Semaphorin-3A (Sema3A) is widely known to be an important axon guidance molecule in the developing nervous system. Specifically, it has been found to be involved in distinct pathways in chick dorsal root ganglion (DRG) cells and olfactory axons in the chick olfactory bulb. Recently, researchers found that a potential drug to treat Alzheimer’s disease, an inhibitor of beta-site amyloid precursor protein-cleaving enzyme 1 (BACE1), may interfere with Sema3A mechanisms to regulate axon guidance in thalamic and hippocampal neurons in mice (Barão et al., 2015).
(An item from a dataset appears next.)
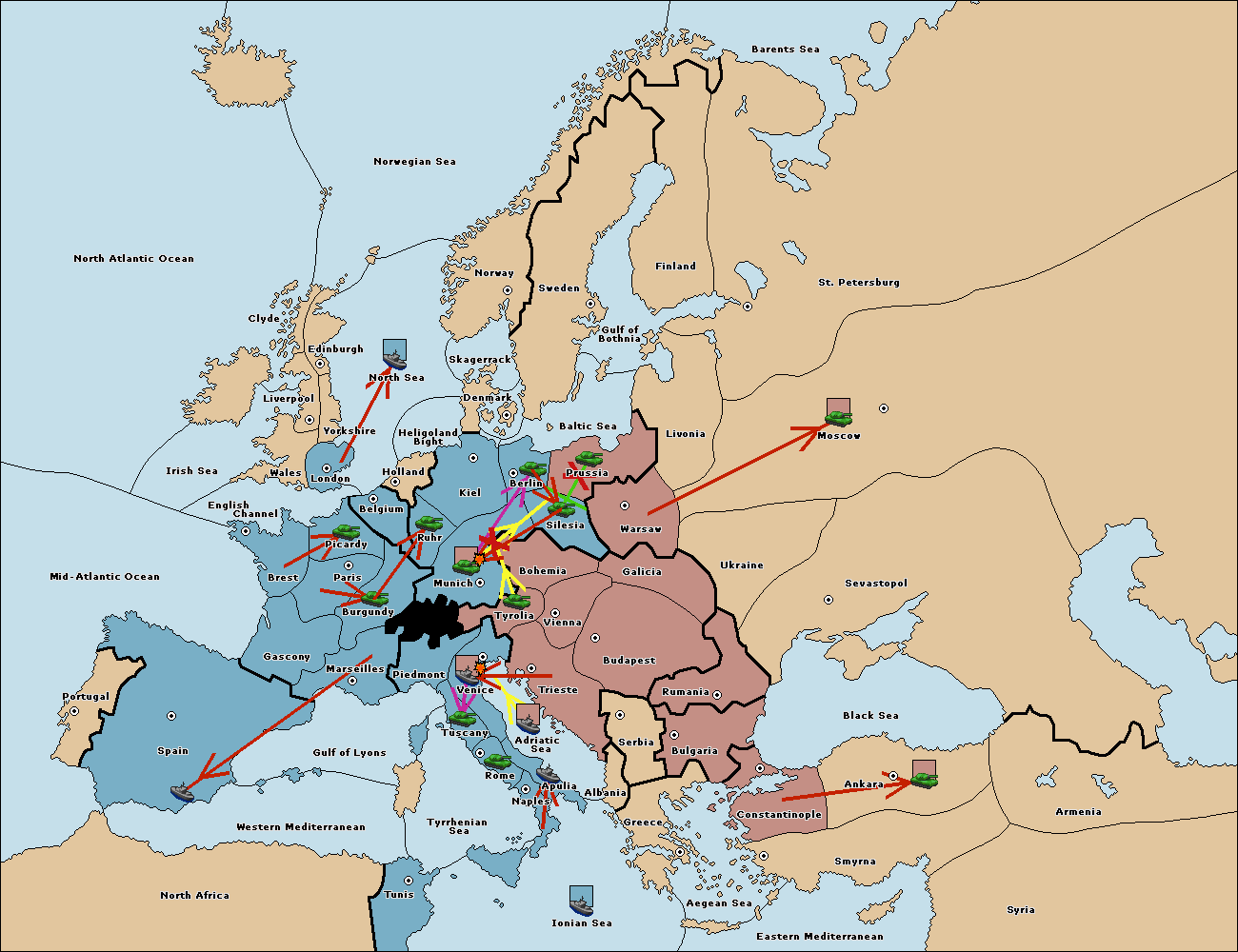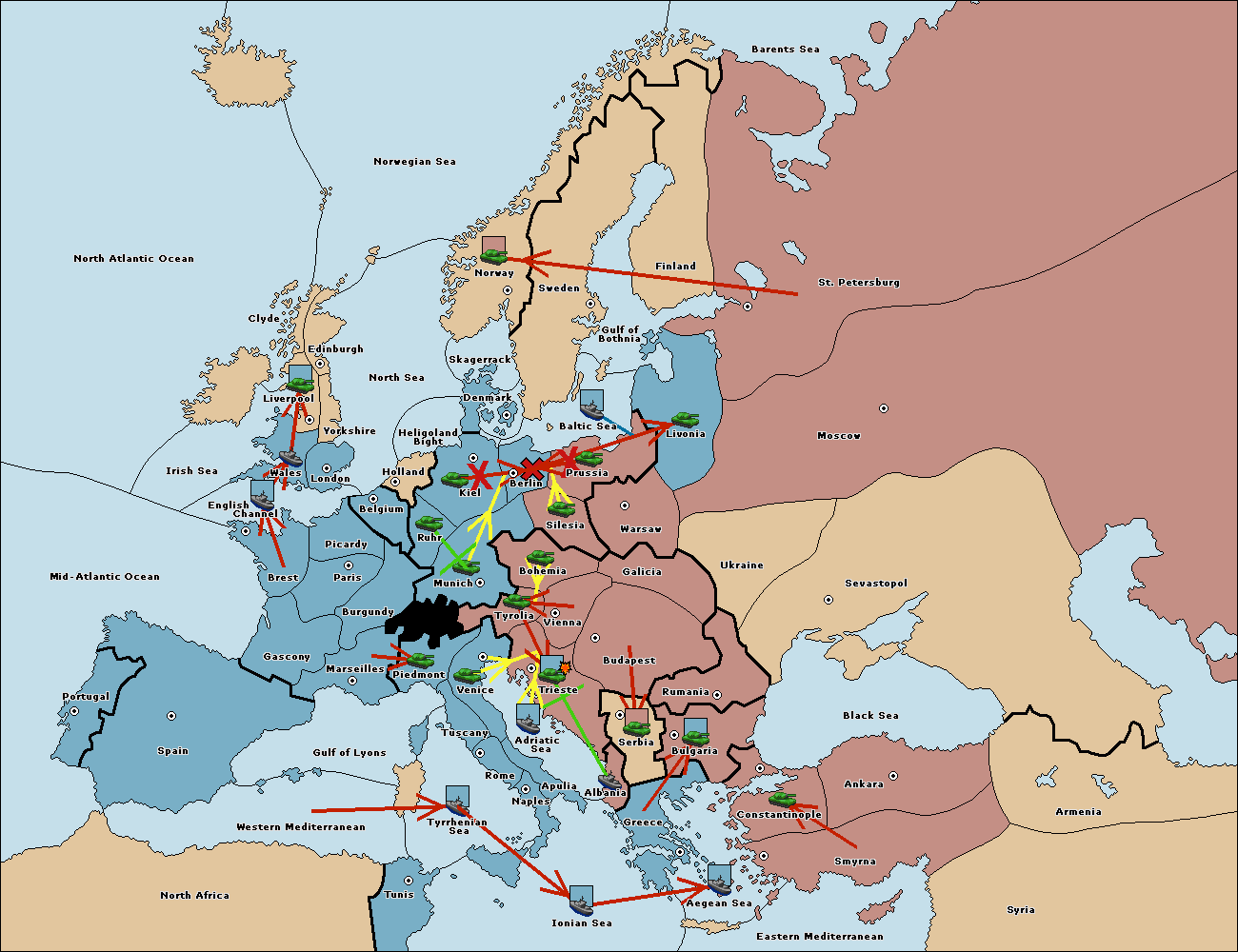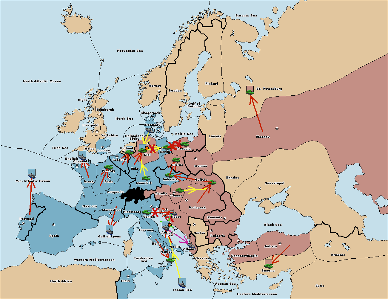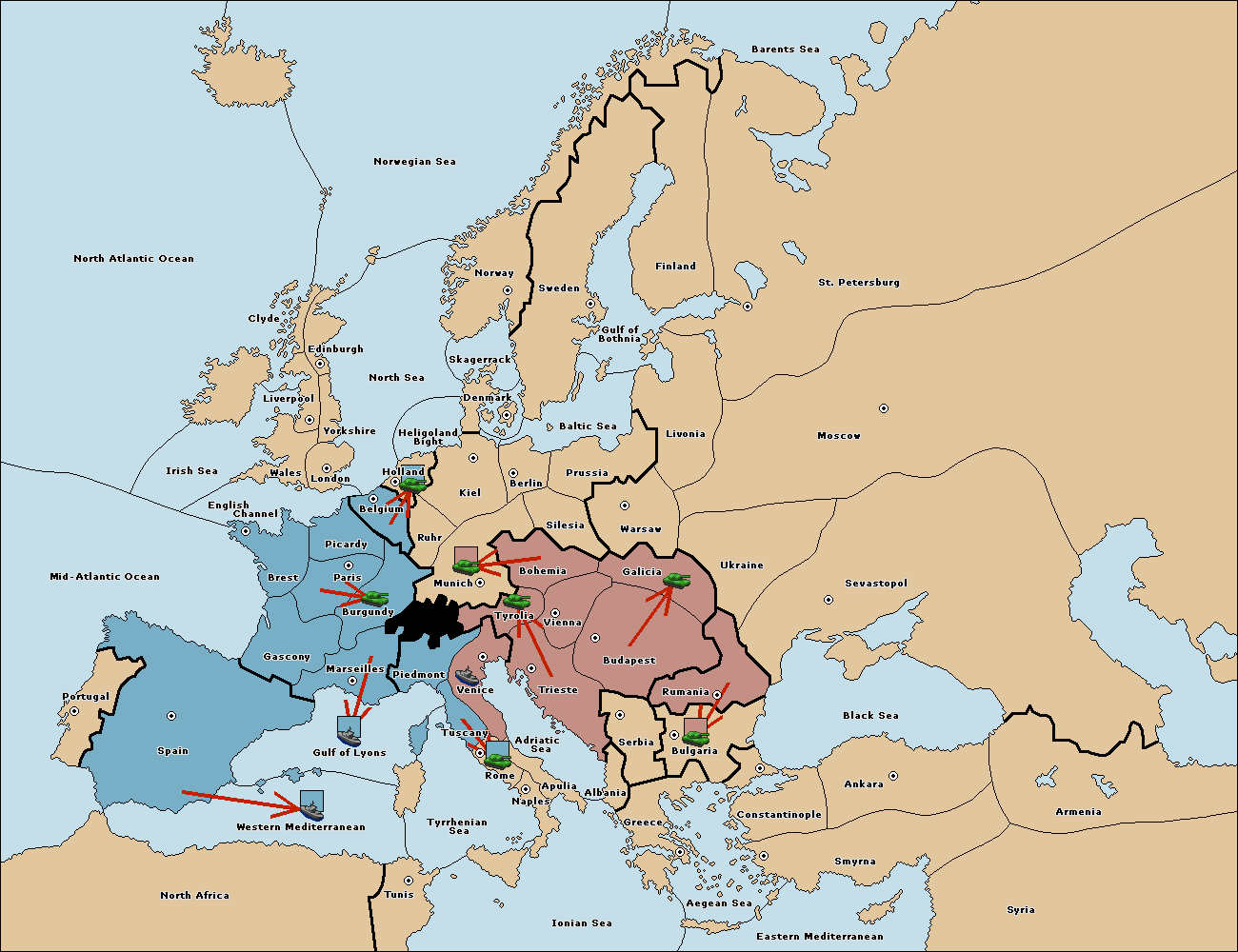 The fleet at Adriatic Sea support move to Trieste from Tyrolia.

There is limited information about the relationship between BACE1 and Sema3A in the developing chick visual system. The present study seeks to examine the effects of varying concentrations of Sema3A in retinal ganglion cells in the chick model. We hypothesize that higher concentrations of Sema3A will result in proportionately higher growth cone collapse and plateau at a certain concentration, as seen in a previous study on DRGs (Manns et al., 2012). We also seek to examine the effects of the inhibition of BACE1 on Sema3A in retinal ganglion cells. Our findings will improve the understanding of the role of Sema3A in the visual system and hopefully shed light on the importance of caution when using inhibitors, such as BACE1, for treatment.